Unfortunately, I couldn't make your alternative suggestion work, the one that appends to a file. This is what I've tried:

class SingleFileWriter(BasePredictionWriter):
    def __init__(self, file_buffer, write_interval: str):
        super().__init__(write_interval)
        self.file_buffer = file_buffer

    def write_on_batch_end(
            self, trainer, pl_module: LightningModule, prediction: Any, batch_indices: List[int], batch: Any,
            batch_idx: int, dataloader_idx: int):
        torch.save(prediction, self.file_buffer)

    def write_on_epoch_end(
            self, trainer, pl_module: LightningModule, predictions: List[Any], batch_indices: List[Any]):
        torch.save(predictions, self.file_buffer)

tmp_dir = "/tmp"
dm = MNISTDataModule()
model = LitModel(*dm.size(), dm.num_classes)
with open(os.path.join(tmp_dir, 'sf_predictions.pt'), 'ab') as f:
    prediction_writer = SingleFileWriter(
        file_buffer=f,
        write_interval="epoch")
    trainer = Trainer(
        tpu_cores=8,
        callbacks=[prediction_writer])

    trainer.predict(model=model, datamodule=dm)

It seems that all data is written as the file has the expected size, however, when reading the file using torch.load() only an eighth of the predictions are actually in the loaded object. Looks like the written data is somehow colliding. Maybe you have another clever tip to make this work?

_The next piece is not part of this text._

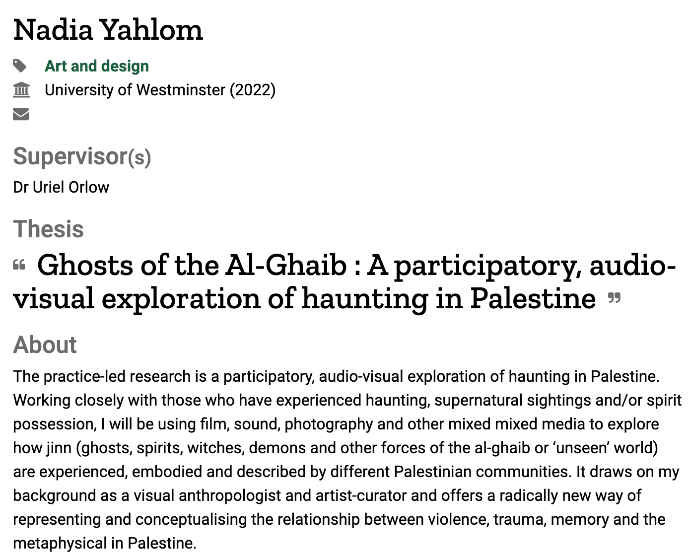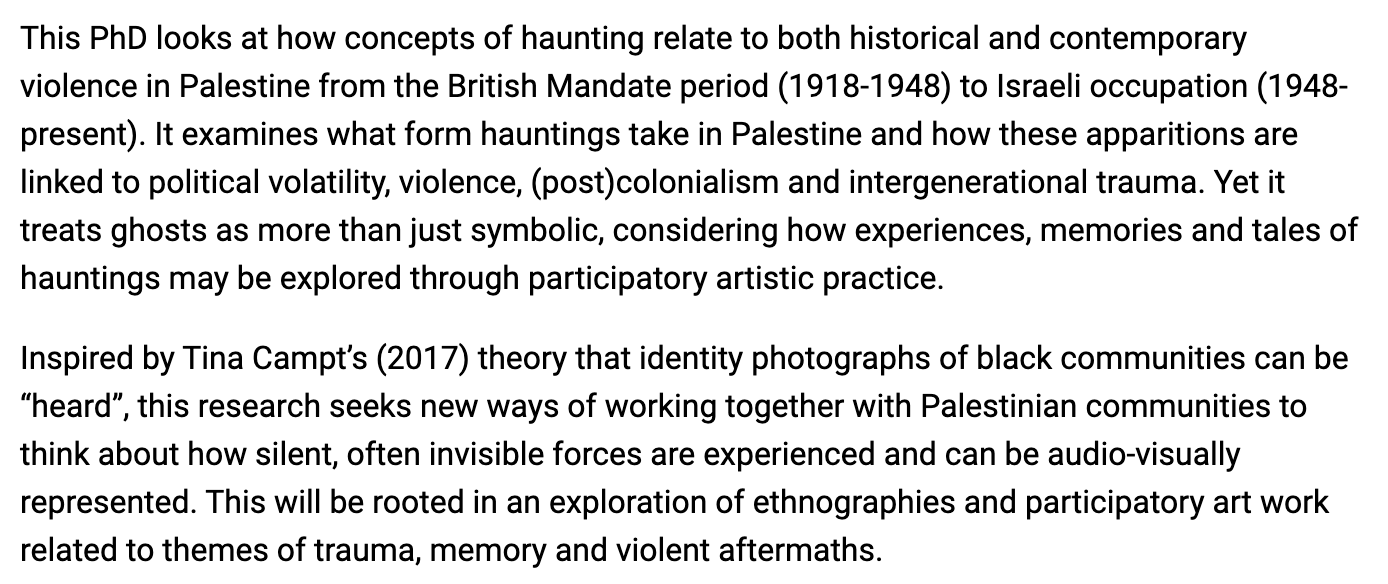 The practice-led research is a participatory, audio-visual exploration of haunting in Palestine. Working closely with those who have experienced haunting, supernatural sightings and/or spirit possession, I will be using film, sound, photography and other mixed mixed media to explore how jinn (ghosts, spirits, witches, demons and other forces of the al-ghaib or ‘unseen’ world) are experienced, embodied and described by different Palestinian communities. It draws on my background as a visual anthropologist and artist-curator and offers a radically new way of representing and conceptualising the relationship between violence, trauma, memory and the metaphysical in Palestine.

ananthsub commented 2 years ago

It seems that all data is written as the file has the expected size, however, when reading the file using torch.load() only an eighth of the predictions are actually in the loaded object. Looks like the written data is somehow colliding. Maybe you have another clever tip to make this work?

Could you try writing directly to the file buffer? for instance, does this work?

    def write_on_batch_end(
            self, trainer, pl_module: LightningModule, prediction: Any, batch_indices: List[int], batch: Any,
            batch_idx: int, dataloader_idx: int):
        self.file_buffer.write(<some value>)

    def write_on_epoch_end(
            self, trainer, pl_module: LightningModule, predictions: List[Any], batch_indices: List[Any]):
        self.file_buffer.write(<some dummy value>)
stekiri commented 2 years ago

I get the same behavior. I write with self.file_buffer.write(pickle.dumps(predictions) and read it back with pickle.load() as torch.load() fails with RuntimeError: Invalid magic number; corrupt file? when loading the written buffer.

bokey007 commented 1 year ago

Hi, this discussion was very helpful for me!

But I still need to figure out how do I save image file names along with their predictions. Also I am working with a very large dataset compared to MNST so may not be able to fit all the predictions in the TPU core memory (viz 8gb) at once.